There’s plenty of bandwidth available if we use reconfigurable intelligent surfaces

12 min read
An illustration depicting cellphone users at street level in a city, with wireless signals reaching them via reflecting surfaces.

Ground level in a typical urban canyon, shielded by tall buildings, will be inaccessible to some 6G frequencies. Deft placement of reconfigurable intelligent surfaces [yellow] will enable the signals to pervade these areas.

Chris Philpot

For all the tumultuous revolution in wireless technology over the past several decades, there have been a couple of constants. One is the overcrowding of radio bands, and the other is the move to escape that congestion by exploiting higher and higher frequencies. And today, as engineers roll out 5G and plan for 6G wireless, they find themselves at a crossroads: After years of designing superefficient transmitters and receivers, and of compensating for the signal losses at the end points of a radio channel, they’re beginning to realize that they are approaching the practical limits of transmitter and receiver efficiency. From now on, to get high performance as we go to higher frequencies, we will need to engineer the wireless channel itself. But how can we possibly engineer and control a wireless environment, which is determined by a host of factors, many of them random and therefore unpredictable?
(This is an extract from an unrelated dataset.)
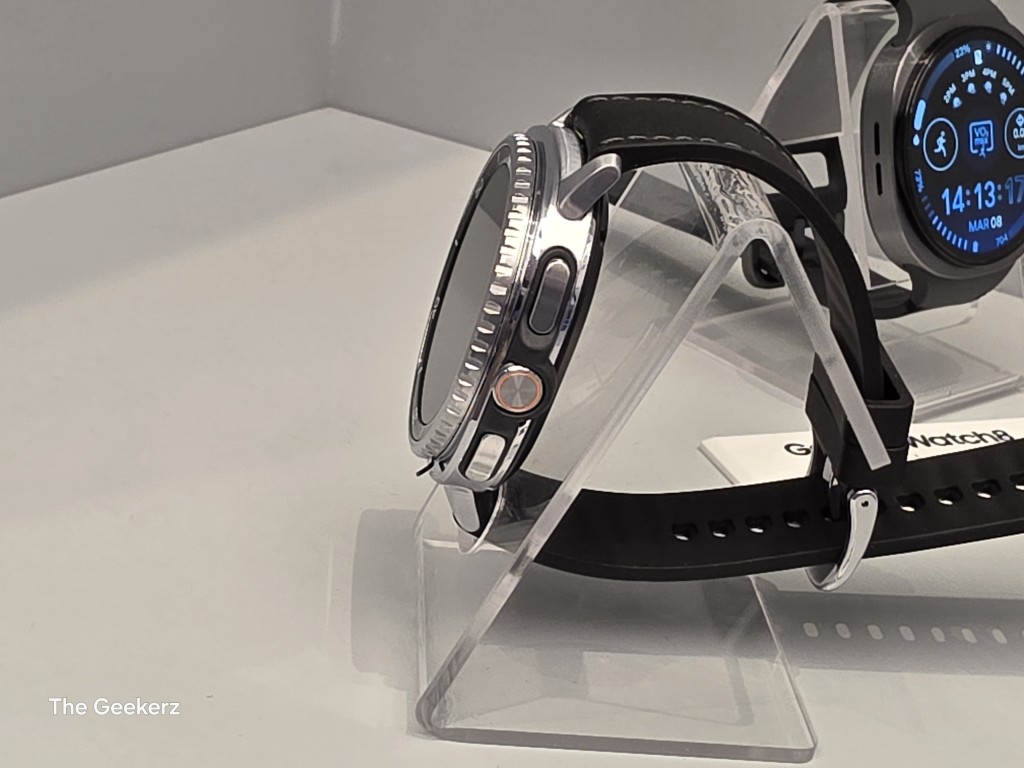 Si intuisce come il design del Galaxy Watch Ultra dell’anno scorso abbia fatto scuola, visto che il quadrante circolare si “appoggia” su una cassa squadrata. Graditissimo ritorno, soprattutto per me che ho sempre amato la versione Classic, la ghiera girevole con azione diretta sui menu dello smartwatch.
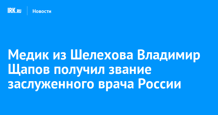 Заведующему хирургическим отделением Шелеховской районной больницы Владимиру Щапову присвоили звание «Заслуженный врач РФ». Соответствующий указ подписал президент России Владимир Путин. Кроме того, звания «Заслуженный работник здравоохранения РФ» удостоена заведующая фельдшерско-акушерским пунктом поселка Быково Аларской районной больницы Татьяна Хоботова.

Perhaps the most promising solution, right now, is to use reconfigurable intelligent surfaces. These are planar structures typically ranging in size from about 100 square centimeters to about 5 square meters or more, depending on the frequency and other factors. These surfaces use advanced substances called metamaterials to reflect and refract electromagnetic waves. Thin two-dimensional metamaterials, known as metasurfaces, can be designed to sense the local electromagnetic environment and tune the wave’s key properties, such as its amplitude, phase, and polarization, as the wave is reflected or refracted by the surface. So as the waves fall on such a surface, it can alter the incident waves’ direction so as to strengthen the channel. In fact, these metasurfaces can be programmed to make these changes dynamically, reconfiguring the signal in real time in response to changes in the wireless channel. Think of reconfigurable intelligent surfaces as the next evolution of the repeater concept.